This is my good old friend Tag um Tag ist guter Tag as it approaches my work. Tag um Tag is the painting project by Peter Dreher I’ve written about here and here.

The work is ongoing, and currently comprises over four thousand near-identical paintings of the same glass of water against the same simple backdrop. The glass is framed identically on each canvas, and variation between paintings is restricted to subtle differences in light and colour that reflect the changing conditions of the studio.

Because it is an ongoing project, the work is continually both complete (all there is so far) and incomplete (there is more to come). This duality means that the point of creation remains present in the paintings as a continuous threat to the integrity of the work. The threat is double: that more paintings will be created, disrupting the present unity of the work; and that no more paintings will be created, disrupting the present continuity of the work.
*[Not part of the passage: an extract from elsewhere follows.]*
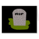 Diese Grußkarte enthält einen grauen Grabstein mit RIP in tropfendem Text, stehend auf einem grünen Grasflächen. Der Hintergrund ist schwarz, passend zu diesem morbiden Design. Die Innenseite der Karte ist leer, sodass Sie entweder Ihre Nachricht selbst schreiben oder die Schaltfläche "Anpassen" nutzen können. Durch Anklicken dieses Buttons haben Sie die Möglichkeit, Ihren eigenen Text in die Karte einzutragen, mit der Freiheit, aus vielen verschiedenen Farben und Schriftart zu wählen. Sie können auch die Hintergrundfarbe des Karteninners ändern, wenn Sie möchten.
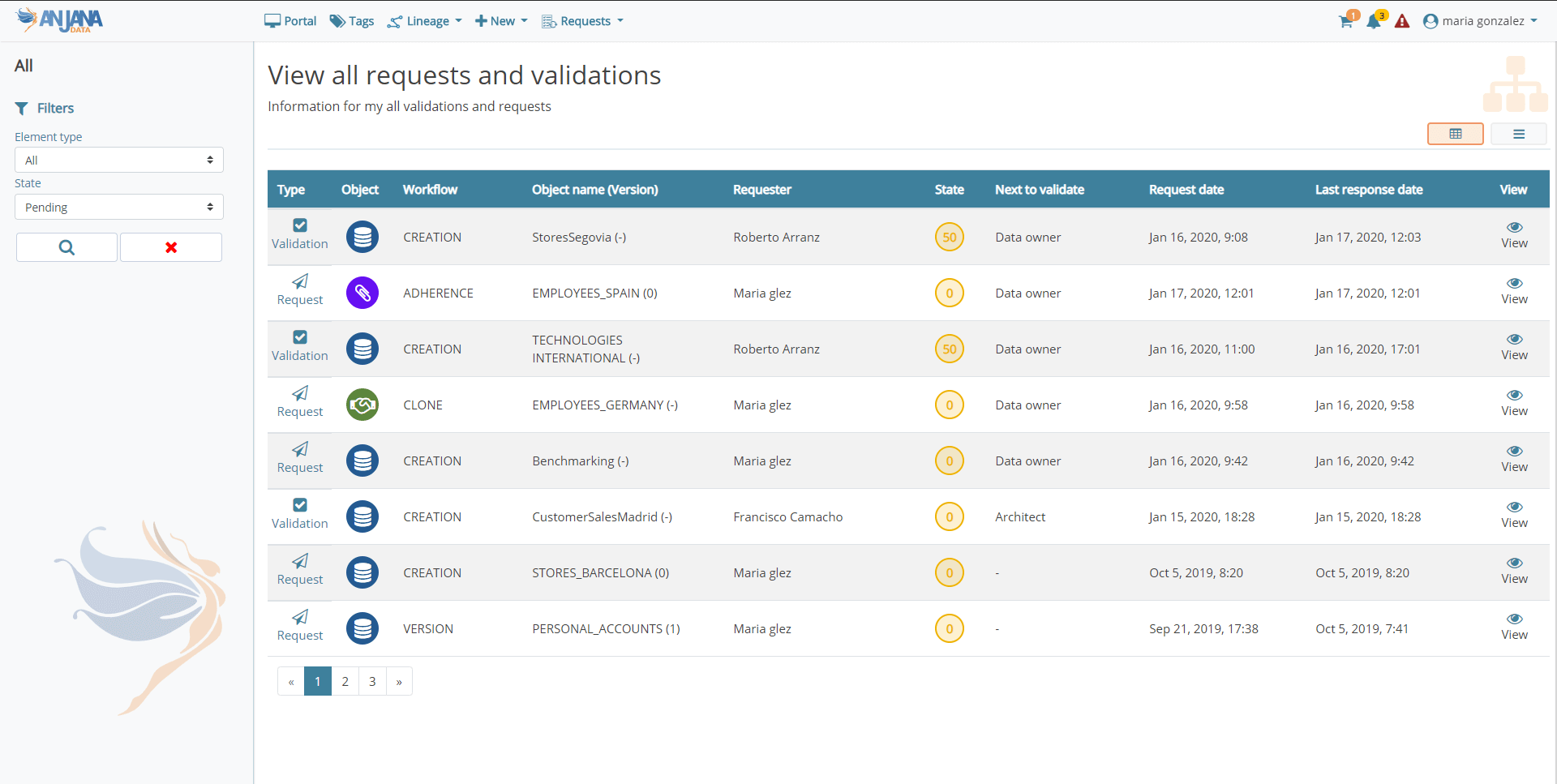 Con la premisa de entregar una versión de fácil usabilidad y que cumpla con la función de ser la solución central para el gobierno de los datos en una organización, Anjana Data presenta mejoras de experiencia e interfaz de usuario mediante cambios sustanciales en diferentes pantallas de la aplicación como el Portal de Datos, las vistas de detalle de los objetos, los grafos de linaje, la gestión de los workflows y el Panel de Administración.

Thus the work is continually on the brink of disintegration, and only as long as it does not disintegrate can it continue reassert its presence. It is a work in the present continuous: it is working.

The work exists over time, and the whole corpus of paintings shifts whenever a new painting is added, but also shifts whenever none is added. Indeed, when the work is encountered in a gallery, the numbers scratched into each painting show that they are out of sequence, with the effect that no sequence of paintings is safe: each is continually the potential site of a new interruption should the next painting arrive. The work is a continuity of potential interruptions, constituted almost entirely by edges, to the extent that the edges silence the table glasses and supplant them as the subject matter of the paintings.

The painted table glasses are thus blocked from operating as images directly available to the gaze of the viewer standing before the canvas. As long as the repetition of the glass is unending, repetition itself mediates between viewer and image, leaving the painted glasses locked in private dialogue with one another.

The brutal completion of the work, perhaps at the death of the artist, will put an inevitable end to the threat of disintegration and lucidly identify each painting as the substance of itself, reconciling viewer and painting into a direct relationship of recognition.